There are several more Earthly reasons to go back to the Moon and gather more detailed data. We need more precise orbits for our satellites and then the gravity of the Moon actually needs to be better know. We want GNSS on the Moon and I’m sure we can come up with plenty other arguments as well that not necessarily are motivated by space exploration but rather management of our own planet.
Actually there are several factual errors here. First, I am on the Board of Directors of a new organization made up of 24 space advocacy and business groups. This organization has as one of its reference documents the full transcript of this paper and the focus of it was not about attacking NASA, (Feng Hsu actually refers to this group ” The Space Renaissance Initiative)and not about going to mars or the Moon as the main focus. The main focus was a unified Strategic vision, one where NASA still exists and is doing even more exploration but a vision where Space Development is the focus. So far in all the reports I haven’t read anyone picking this aspect up yet.
The Aldrin- Hsu- Cox paper talks about creating a space development authority to foster concepts that will benefit the entire space sector such as developing cheap space access and collaborating with international partners both government and private sector.

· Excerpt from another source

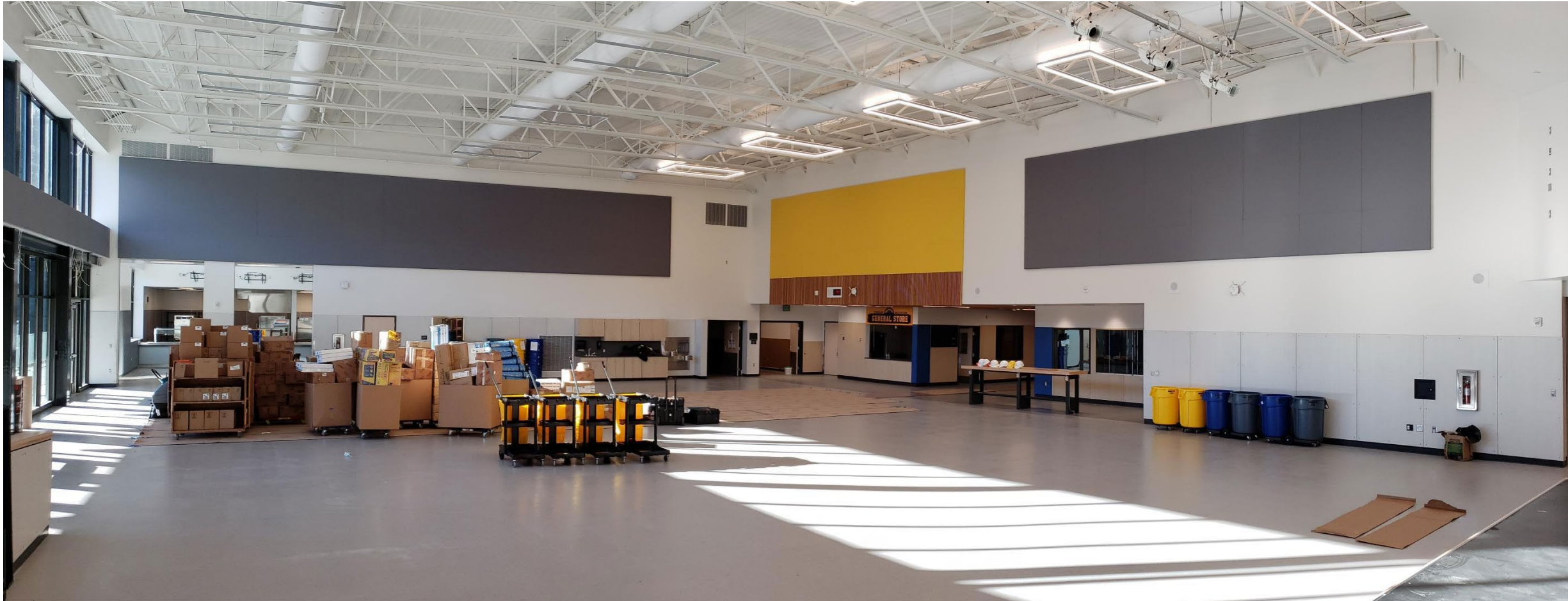
The Commons nearing completion

This is a win win for NASA and the private space sector, it will lead to less money being spent by the government on space missions, higher volume, and economic development of the solar system starting in LEO. Most of the crticism I have read is kneejerk reaction by people who have only skimmed over this document or who do not know the authors.
And by the way, the Moon Society is part of this group as well and as far as I know initially had problems with it, but once we sat down and worked over the main points and the true focus of this document did agree with it (with some modifications) at this point there are some minor revisions being made as well so that’s not even the complete version. It’s not about going to the Moon, Mars or anywhere else as much as it is about providing the enabling systems and framework to develop a space economy where government missions can be much cheaper and the private sector can get much more involved. My own group- MarsDrive is part of this effort and we endorse this paper, because we have bothered to read it and understand it.